Celery Event Reporting: Getting Your Jobs on that Hotline Bling.

Posted by T.J. Alumbaugh

"Celery Event Reporting: Getting Your Jobs on that Hotline Bling."

via GIPHY

There are two things we can all agree on: 1. Drake dropped a massive hit with his single “Hotline Bling” and 2. celery is a great distributed computing library for a wide range of needs. That being said, celery (much like Drake’s complex relationship status as described in his song) is not for the faint of heart. celery can feel too configurable: it has all sorts of bells and whistles, but sometimes it can be difficult to know how to get it to do what you want. One necessary use case is reporting: what your are jobs doing and what celery is doing with them. The default settings aren’t great for this so if you don’t set things up correctly, just like Drake’s lament about his erstwhile girlfriend, you will be in a state of wondering what’s going on. So let’s get them on that hotline bling.

Here we just want to accomplish two things:

1. Set some reasonable configuration settings for a basic use case of distributed task execution

2. Monitor celery running live to verify that it is performing as desired

For my case, I want to execute Numba-driven Python calculations that take quite a bit of number crunching. Each job has the following characteristics:

1. significant memory high watermark
2. >= 20 seconds run time
3. CPU-bound for most of the time

It turns out that celery does certain things by default that are not good for these kinds of jobs. In particular, celery workers by default will attempt to grab a few jobs from the queue at once, instead of just grabbing one job at a time. This may seem odd, but the idea is that the overhead of going to the queue and asking for jobs is then amortized over several job executions. For my case though, job execution time dominates over any latency of going to the queue, so I want to turn off this behavior. “Turning off” the prefetch behavior is really the same thing as setting the prefetch setting to 1, so you have to give celery this setting when you start up:

CELERY_PREFETCH_MULTIPLIER=1 celery -A celery_tasks worker -l info

What about concurrency? The celery docs say that the default setting here is to set the number of workers to be the same as the number of CPUs reported by the OS. For my jobs, I’m mostly CPU-bound, so that’s a reasonable setting.

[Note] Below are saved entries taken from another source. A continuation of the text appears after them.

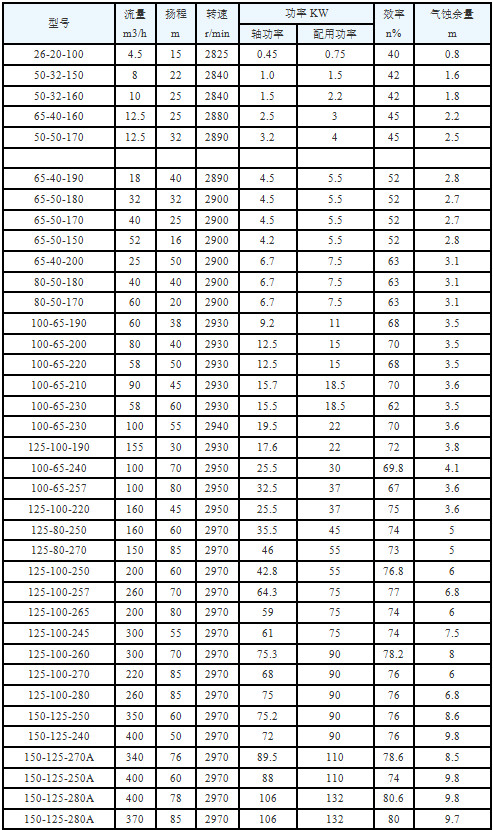 四、WRY熱油泵規(guī)格性能參數(shù)表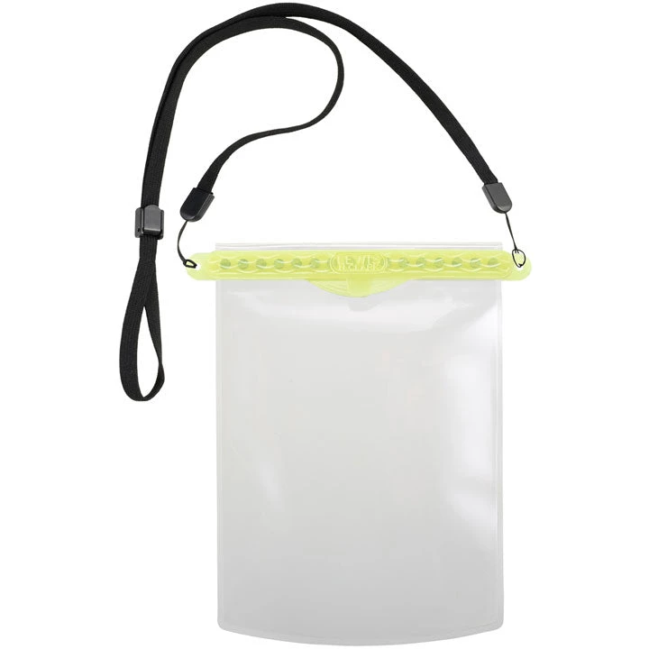 Not only does it keep moisture out of the pouch, but it also keeps particles such as sand and dust out as well. The lanyard is adjustable and can be worn around your neck or wrist or attached to an object.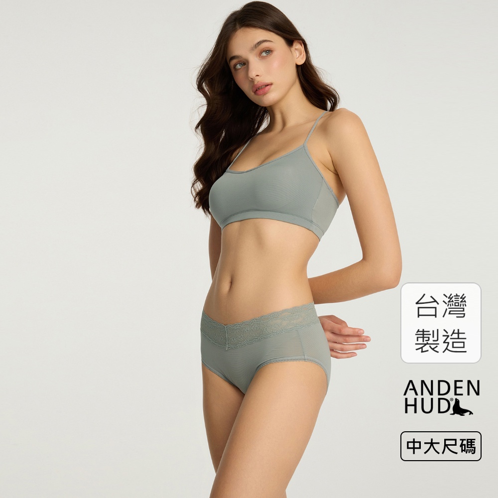 【Anden Hud】XXL 冰絲涼感抗菌.窄版V蕾絲高腰三角內褲(冰山綠) 純棉台灣製XXLPantiesAnden Hud 台灣製內著 官方旗艦店

If your jobs are often sitting around waiting for network traffic or the like, you might want to set that number higher. The setting is CELERYD_CONCURRENCY.

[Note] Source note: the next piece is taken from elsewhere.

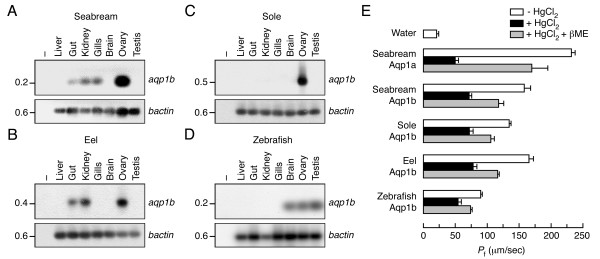 Figure 4. Gene expression pattern and functional characterization of teleost Aqp1b. (A-D) Representative RT-PCR analysis of aqp1b (upper panels) and bactin (lower panels) transcripts in sea bream (A), European eel (B), Senegalese sole (C) and zebrafish (D) tissues. PCR products were detected by Southern blot. Minus indicates absence of RT during cDNA synthesis. The size (kb) of PCR products and molecular markers are indicated on the left and right, respectively. (E) Pf and Hg2+ inhibition of X. laevis oocytes expressing teleost Aqp1a or Aqp1b. Oocytes were injected with cRNAs encoding sea bream Aqp1a or Aqp1b (1 ng), eel Aqp1b (10 ng), Senegalese sole Aqp1b (10 ng) or zebrafish Aqp1b (10 ng), or with 50 nl of water (control). The Pf was assayed in the presence or absence of 0.7 mM HgCl2. Some oocytes treated with HgCl2 were incubated with 5 mM β-mercaptoethanol (βME) for 15 min before swelling measurements. Values represent the mean ± SEM (n = 6–10 oocytes) from a representative experiment.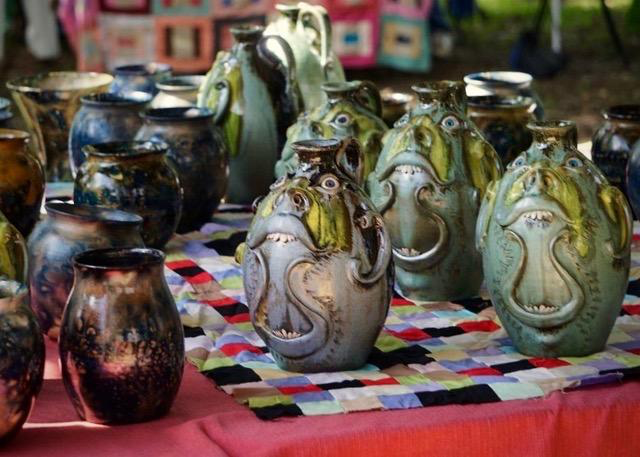 I always enjoy having the opportunity to talk with the artists personally and thoroughly enjoyed conversations with potters and painters at the festival. It as the work of potter Aubrey Lewallen that most called to me personally. Aubrey is a self-taught potter who’s only been working with clay for four years. Yet, he was invited to display his pottery last year next to long-time, seasoned potters. He admits that the opportunity was a little daunting. Aubrey has chosen not to work as a potter’s apprentice, as is customary, so he can truly listen to his own creative voice. Aubrey describes his process as completely trial and error, and sometimes his creations even surprise him. Aubrey resides in Lula and works full time when he’s not creating.

But now I want to load test and prove that celery is doing what I want (prefetch setting to 1 and max concurrent jobs set to number of CPUs). If I get this wrong in production, too many jobs will launch and I’ll get memory exceptions (due to my high memory watermark). Much like Drake, my level of trust here is low. In the documentation for event reporting, you will find all sorts of interesting ways to tweak the reporting of events, but you won’t find the actual magic command you have to enter so that you can actually see what your jobs are doing.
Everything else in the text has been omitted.